Black Hole
Posted by Ivo Cerckel on December 3rd, 2008
A Black Hole is a region of space-time from which nothing, not even light, can escape because gravity is so strong. (Stephen Hawking)
Gravity has still not been eliminated nor suspended.
The art of economics still consists in looking not merely at the immediate but at the longer effects of any act or policy; it still consists in tracing the consequences of that policy not merely for one group but for all groups.
(Henry Hazlitt, “Economics in One Lesson”, 1946
http://jim.com/econ/chap01p1.html )
Our Masters are now planning a second round of what they call injections of capital into banks and other gangsters.
(Recession Is A Reality; Second Stimulus
http://www.youtube.com/watch?v=HcbQb39u3N4 )
Others are still fantasising about deflation
How to avoid the horrors of ‘stag-deflation’
By Nouriel Roubini
Financial Times, Published: December 2 2008 19:53 | Last updated: December 2 2008 19:53
http://www.ft.com/cms/s/0/0fe65a48-c0a9-11dd-b0a8-000077b07658.html
SNIP
The US and the global economy are at risk of a severe stag-deflation, a deadly combination of economic stagnation/recession and deflation. UNSNIP
The fact is that the crisis is systemic and that everybody wants to sell what can still be sold.

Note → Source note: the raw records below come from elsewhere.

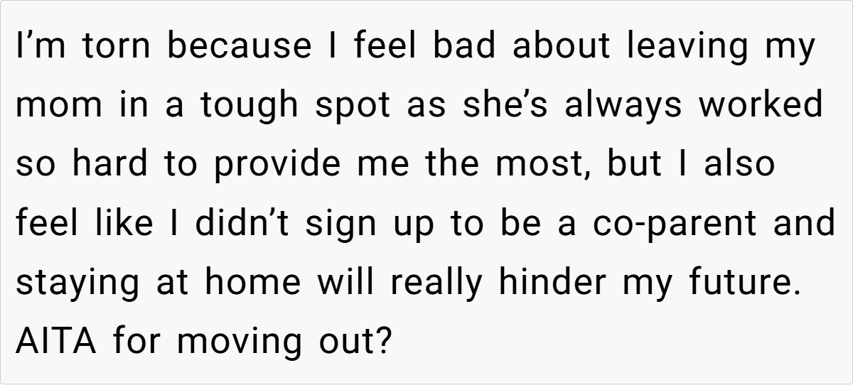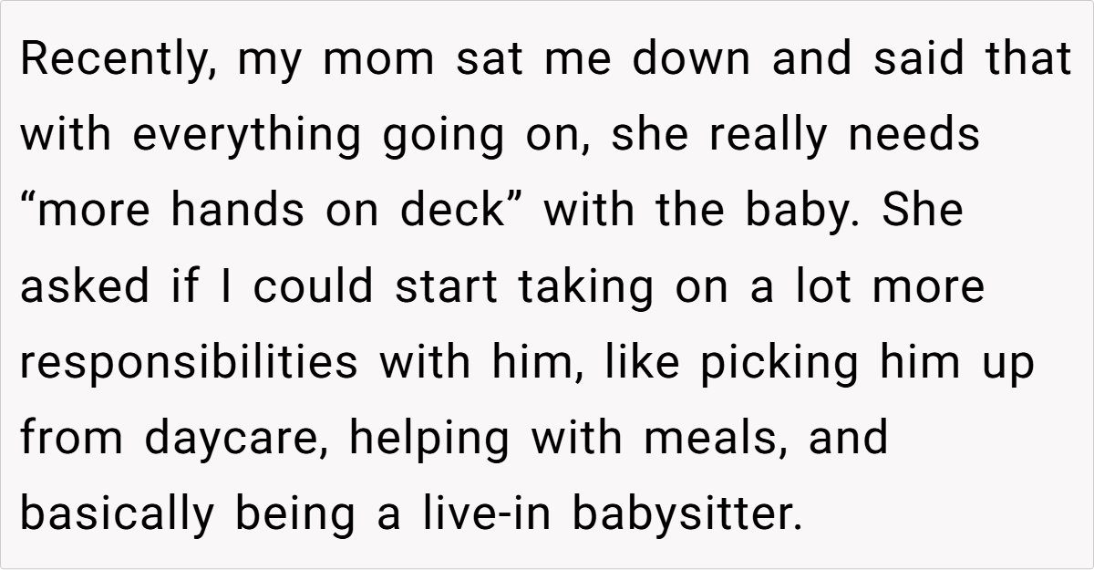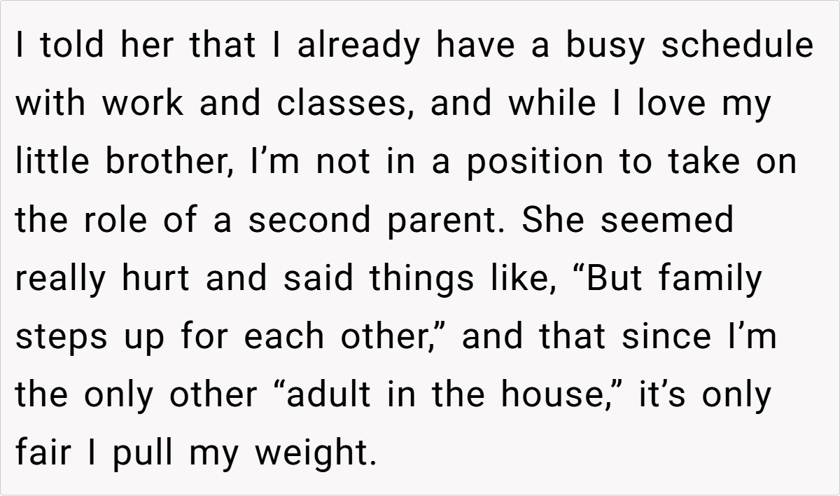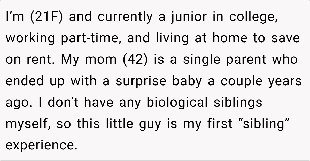 In the midst of a bustling college life, juggling classes, work, and personal aspirations, sometimes the call of family can feel overwhelming. This story takes us into the life of a 21-year-old college junior who, despite her deep love for her family, finds herself at a crossroads when her mother asks her to take on the role of a full-time caregiver for her 2-year-old half-brother. The request, though wrapped in familial duty, threatens to derail her carefully laid plans for the future, setting the stage for an emotionally charged decision.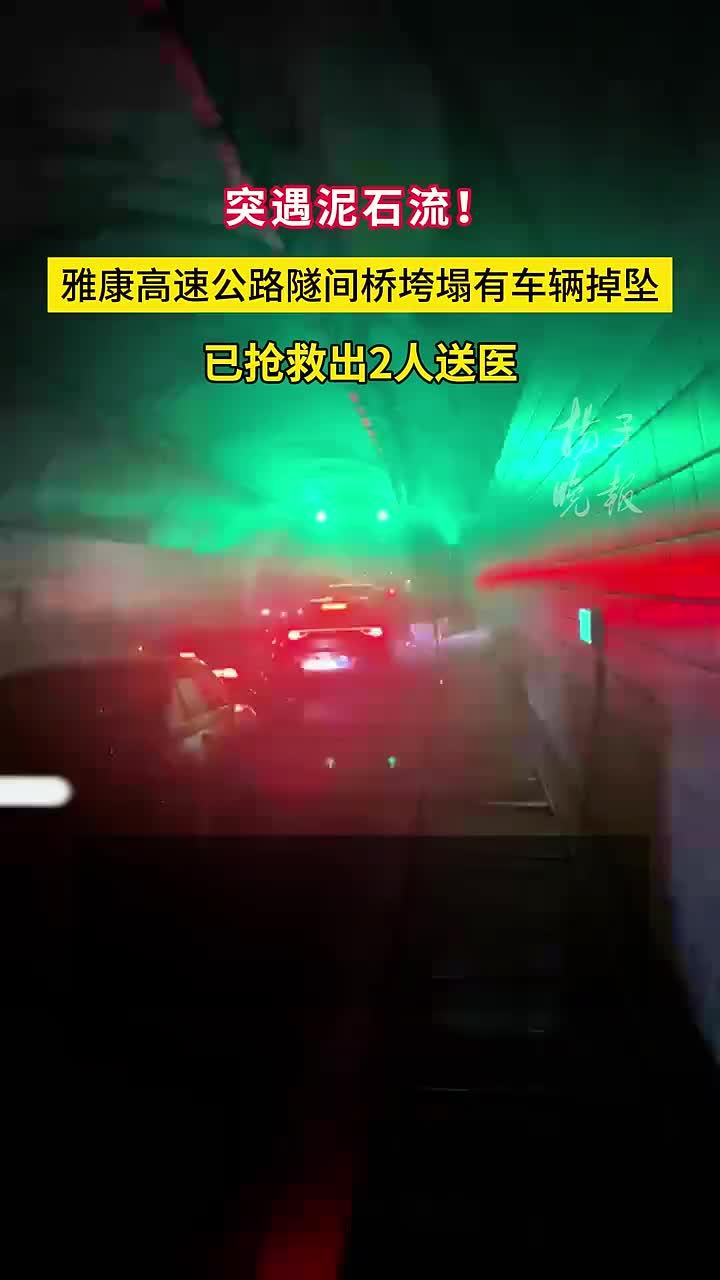 突遇泥石流!雅康高速公路隧间桥垮塌有车辆掉坠,已抢救出2人送医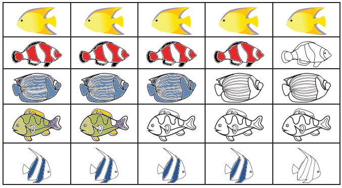 பின்வரும் மீன்களுக்கு மீன் தொட்டியில் உள்ள மீன்களின் எண்ணிக்கைக்கு ஏற்ப வண்ணம் தீட்டுக.
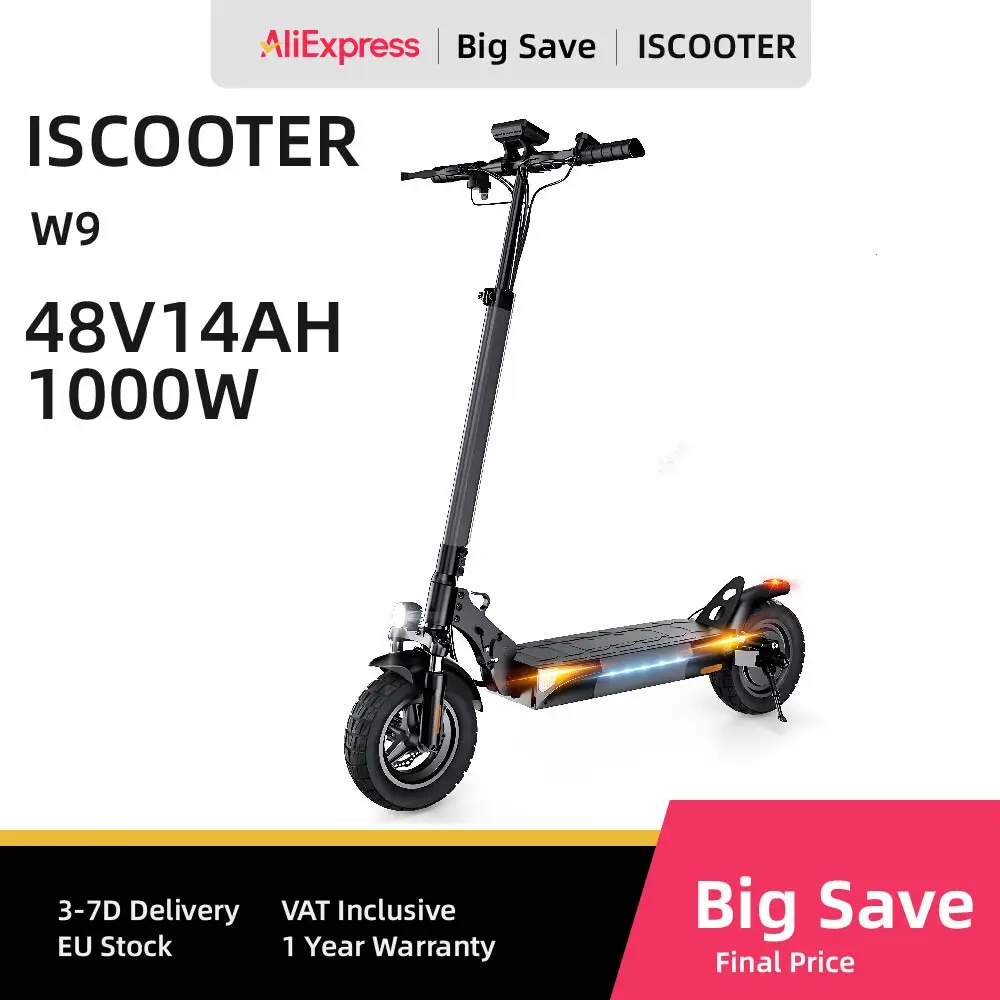 ISCOOTER W9 Adult Electric Scooter 1000W motor E-Scooter 48V14AH 10" Inflatable off-road Tires Foldable EScooter

Some are still hoping to escape the Black Hole of their debt mountains.
No way!
As Ambrose Evans-Pritchard writes in this morning’s Daily Telegraph:
The credit markets continued to exhibit signs of extreme stress yesterday.
The iTraxx Crossover index measuring default risk on low-grade European bonds punched above 950 for the first time. The investment grade index hit 188. The spreads are now flashing the sort of danger signals seen before the collapse of Lehman Brothers in September.
(Metal prices fall further than during Great Depression
The price of key industrial metals has fallen further over the last four months than occurred during the worst years of Great Depression between 1929 and 1933, according to research by Barclays Capital.